RE: [md PATCH 2/8] Enable OLCE for external IMSM metadata

[Date Prev][Date Next][Thread Prev][Thread Next][Date Index][Thread Index]

 



Yes it makes sense. 

The reason that I've introduce wait_reshape() in md is to get possibility to start OLCE without mdadm (by settings entries in sysfs only).
To do this, all logic for adding new devices has to be in mdmon. Mdmon can learn about delta_disks after reshape start only. Delta_disks is exposed in raid_disks. 
Wait_reshape() gives us ability to start OLCE without direct communication between mdmon and mdadm (the only communication point is "0" stored in sync_complete). Sysfs interface to md is the only thing needed to start OLCE.

This was the only wait_reshape() cause, there was no IMSM specific causes. If we assume that OLCE can be triggered by mdadm only (not by sysfs interface without mdadm) wait_reshape() can be removed.

no problem, I'll redesign this mechanism.

Adam




-----Original Message-----
From: Neil Brown [mailto:neilb@xxxxxxx] 
Sent: Thursday, March 04, 2010 7:11 AM
To: Kwolek, Adam
Cc: linux-raid@xxxxxxxxxxxxxxx; Williams, Dan J; Ciechanowski, Ed
Subject: Re: [md PATCH 2/8] Enable OLCE for external IMSM metadata

On Wed, 24 Feb 2010 07:43:01 +0000
"Kwolek, Adam" <adam.kwolek@xxxxxxxxx> wrote:

> >From 0879522dd107d12fc28841d75c9792b32761e4bc Mon Sep 17 00:00:00 2001
> From: Adam Kwolek <adam.kwolek@xxxxxxxxx>
> Date: Thu, 18 Feb 2010 11:24:51 +0100
> Subject: [PATCH] OLCE: add wait_reshape()
> 
> Changes to be committed:
> 	modified:   md.c
> 	modified:   md.h
> 	modified:   raid5.c
> 
> Add wait_reshape() to personality

Again, no really useful commentary here.

I'm guessing that the problem you are trying to solve here is that
mdadm starts the reshape, but mdmon has the task of adding spare
devices for the reshape to use.  So you need some sort of hand-shake
for mdadm to be able to know when mdmon has done it's bit.

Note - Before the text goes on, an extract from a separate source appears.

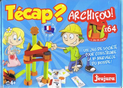 La relative petite boîte de Técap ? Archifou ! est bien remplie. On a même du mal à y ranger les soixante-quatre pièces de bois lasuré qui la composent. Contrairement aux apparences, Técap ? Archifou ! n'est pas un simple jeu de construction. C'est un véritable jeu de société qui oppose des bâtisseurs. À tour de rôle, chacun joue une carte. Elle lui permet de placer un morceau sur son édifice ou de réaliser une action, la plus drôle consistant à taper sur la table et de voir quelles constructions résistent. C'est encore plus drôle quand seul le bâtiment du joueur actif s'écroule ! Espérons que le rapprochement de Jeujura et de France Cartes - Ducale - Grimaud nous donnera à l'avenir d'autres jeux aussi dynamiques !

I don't think you need to muck about in the kernel to achieve this.

mdadm already has a mechanism for asking mdmon to make some metadata updates,
but sending messasges of the unix-domain socket.

We should use that to assign the spare space to the reshaped array.
Once mdmon knows that the space is reserved (and can no longer be used as
hot-spare space), with mdadm or mdmon adds the space to the array and then
requests the reshape.
When mdmon notices that the reshape has been requested, it converts the
'spare' assignments to full members of the array undergoing OLCE.

I'm not sure exactly how that will fit with the particular metdata layout of
IMSM, but I really think that is the way this should be structured.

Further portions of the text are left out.